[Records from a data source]
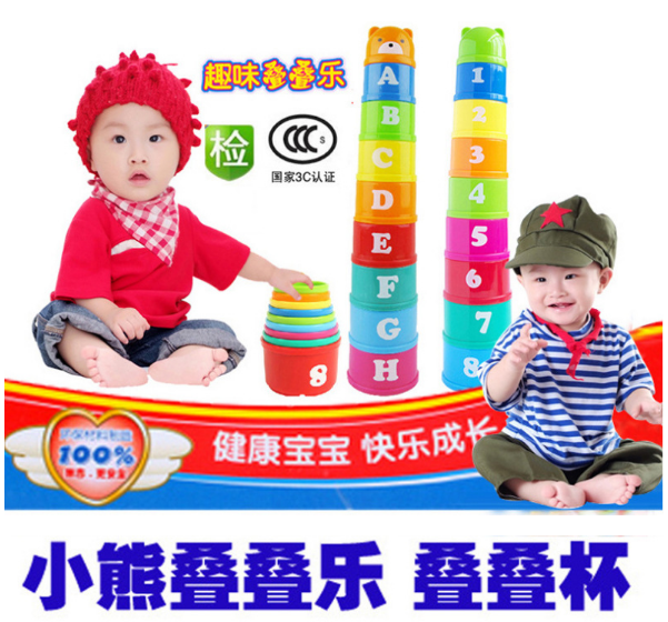 0-1-2 лет детская рука ручной работы детские Головоломки игрушечный слой стека Кубок наложенного музыкального набор кольцо Раннее образование
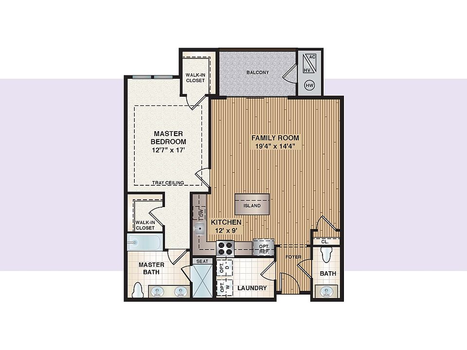 The Anson 1 offers one bedroom, one-and-a-half baths and 1,017 square feet of living space. The beautiful master bedroom features two walk-in closets and a private master bath.
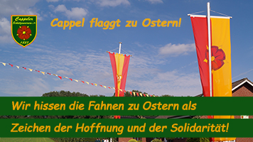 Die Einschnitte in unser Vereinsleben sind schmerzlich, aber im Interesse aller unumgänglich. Wir danken allen, die sich in dieser schwierigen Zeit für die Gesundheit und für das allgemeine Wohl einsetzen und dafür arbeiten. Der Cappeler Schützenverein hat diesen Dank schon mit der Beflaggung über Ostern zum Ausdruck gebracht. Gemeinsam werden wir auch dieses Jahr überstehen und dann mit neuem Schwung in die Schützenfestsaison 2021 starten.“
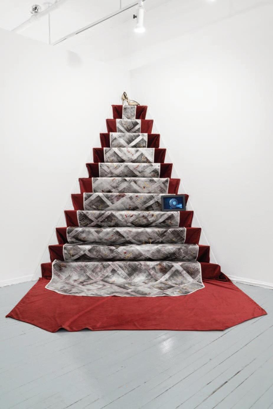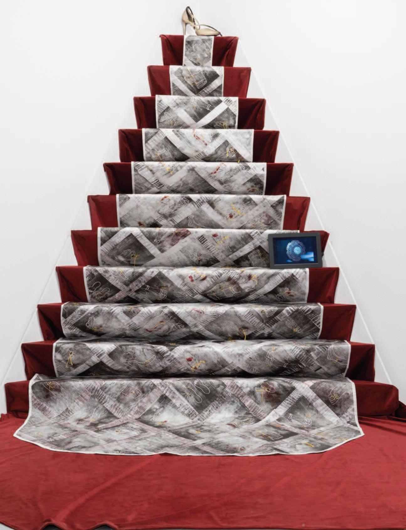 Mon exploration se fait à l’aide de différents médiums : peinture, estampe, textile, art numérique et installation Ces derniers se combinent dans un corpus d’œuvres qui examinent ce qui constitue l’essence de l’humain, son identité et son patrimoine distincts de ceux du règne animal ou de l’intelligence artificielle
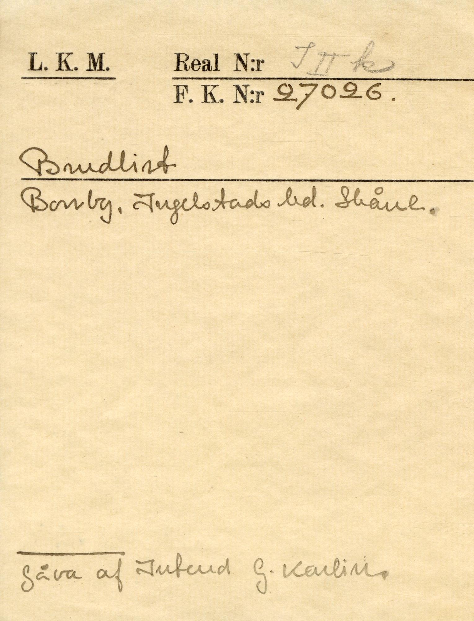 Rött, tunt ylle. Dekor av silver- och guldgaloner. Silver- och guldspets. Grönt kantband. En romb och tre hjärtan, mönstervävda ylleband.

## Task statement
Where pictures appear, drop them, and reproduce exactly only the lines running from the beginning of the data to the line that contains "The Anson 1", inclusive.

## Expected output
 0-1-2 лет детская рука ручной работы детские Головоломки игрушечный слой стека Кубок наложенного музыкального набор кольцо Раннее образование
 The Anson 1 offers one bedroom, one-and-a-half baths and 1,017 square feet of living space. The beautiful master bedroom features two walk-in closets and a private master bath.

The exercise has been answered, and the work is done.